Trading With Rising Sun Candlestick Pattern
The Rising Sun (Piercing Line) is a bullish reversal candlestick pattern formed after a downtrend. A strong bearish candle is followed by a bullish candle that closes above the midpoint of the previous body, signaling potential buyer control. It is most reliable when confirmed by support, structure shifts, or additional confluence factors.

The Rising Sun is a bullish reversal candlestick pattern that appears after a downtrend and signals a potential shift from selling pressure to buying strength. It is essentially the Japanese term often associated with what Western traders call the Piercing Line pattern. Structure of the Pattern

Formation:
First Candle– Strong bearish candle (long red/black body).
Second Candle– Bullish candle that:
- Opens below the previous candle’s low (gap down — more visible in indices than currency pairs).
- Closes above the midpoint of the first candle’s body.
- Does not fully engulf the previous candle (if it does, that becomes Bullish Engulfing).
Market Psychology
Let’s break it down from an order-flow perspective:
- Sellers dominate the first session.
- Market opens lower the next session → continuation expectation.
- Buyers step in aggressively.
- Close happens above 50% of previous bearish body → bearish conviction weakens.
This shows demand absorption and potential shift in control.
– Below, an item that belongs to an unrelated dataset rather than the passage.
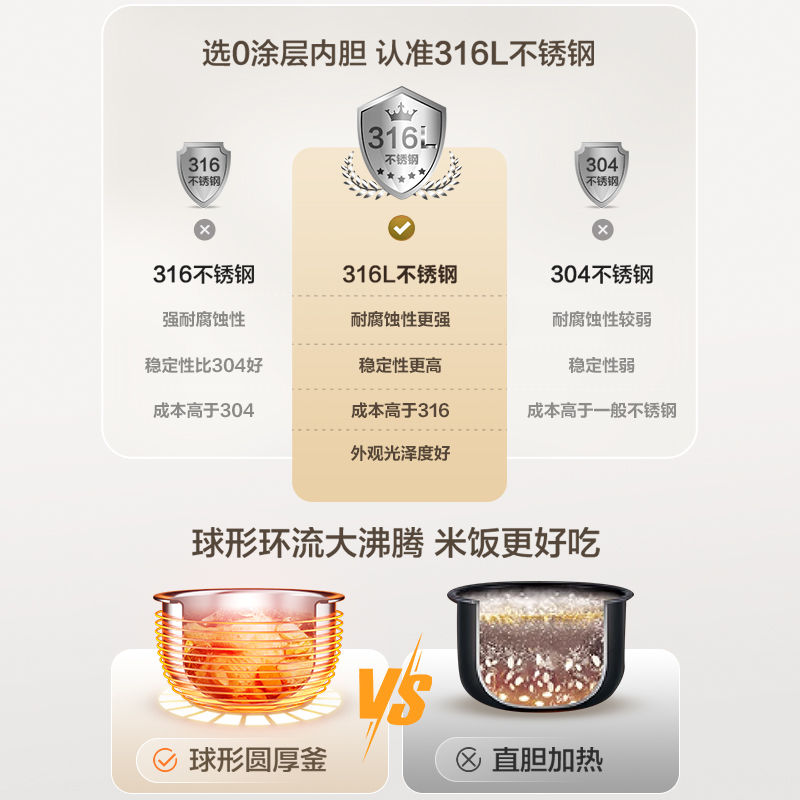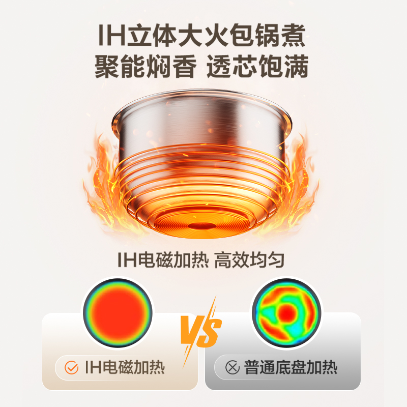 苏泊尔电饭煲家用IH大火力0涂层不锈钢内胆2L容量智能预约煮饭锅

Take a look at the picture below:

In the picture, you can see a shift in psychology of traders since the appearance of piercing line candlestick- from bearish to bullish.
In some currency pairs like EURUSD, the gap condition is often absent because the market trades almost 24 hours, and you may only see this on daily chart. What matters more is:
- Strong bearish candle
- Strong bullish candle closing beyond midpoint
Key Conditions for High Probability
For better trade quality, a rising sun candle should:
Occurs at support level
Appears after a*clear downtrend
Confluence with:
- RSI oversold
- Demand zone
- Fibonacci retracement (50%–61.8%)
- Liquidity sweep below prior low
Volume confirmation (in indices) strengthens it significantly. Now, take a look at the picture below, where we compared a rising sun candlestick with it's a bullish engulfing candlestick.
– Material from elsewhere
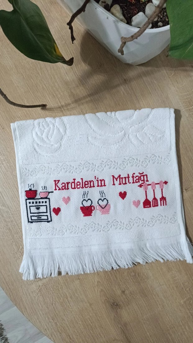 Nakışlı soba, fincanlar ve mutfak gereçleri desenli beyaz mutfak havlusu, "Kardelen'in Mutfağı" yazılı, yumuşak dokulu ve püsküllüdür.
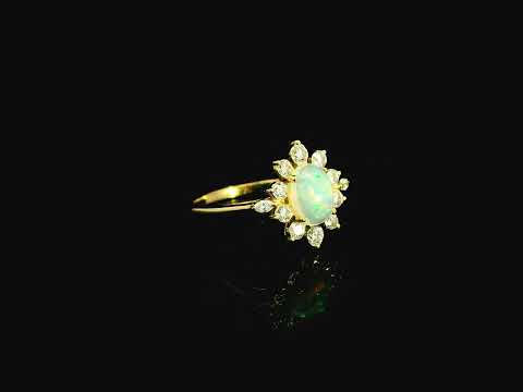 Opal & Diamond Halo Ring in 18K Yellow Gold – Oval Opal Statement Ring

Engulfing shows stronger imbalance shift.
Trading Approach (Practical)
Entry:
- Conservative: Wait for next candle to break the high of the bullish candle.
- Aggressive: Enter at close of bullish candle.
Stop Loss:
Below the low of the pattern.
Target:
- Next resistance
- 1:2 RR minimum
- Structure high
The Rising Sun is reliable only in context. Alone, it is weak. When combined with:
- Structure shift
- Liquidity grab
- Strong imbalance
- HTF support
It becomes powerful.
In modern price action trading, We see it as a confirmation tool, not a primary signal.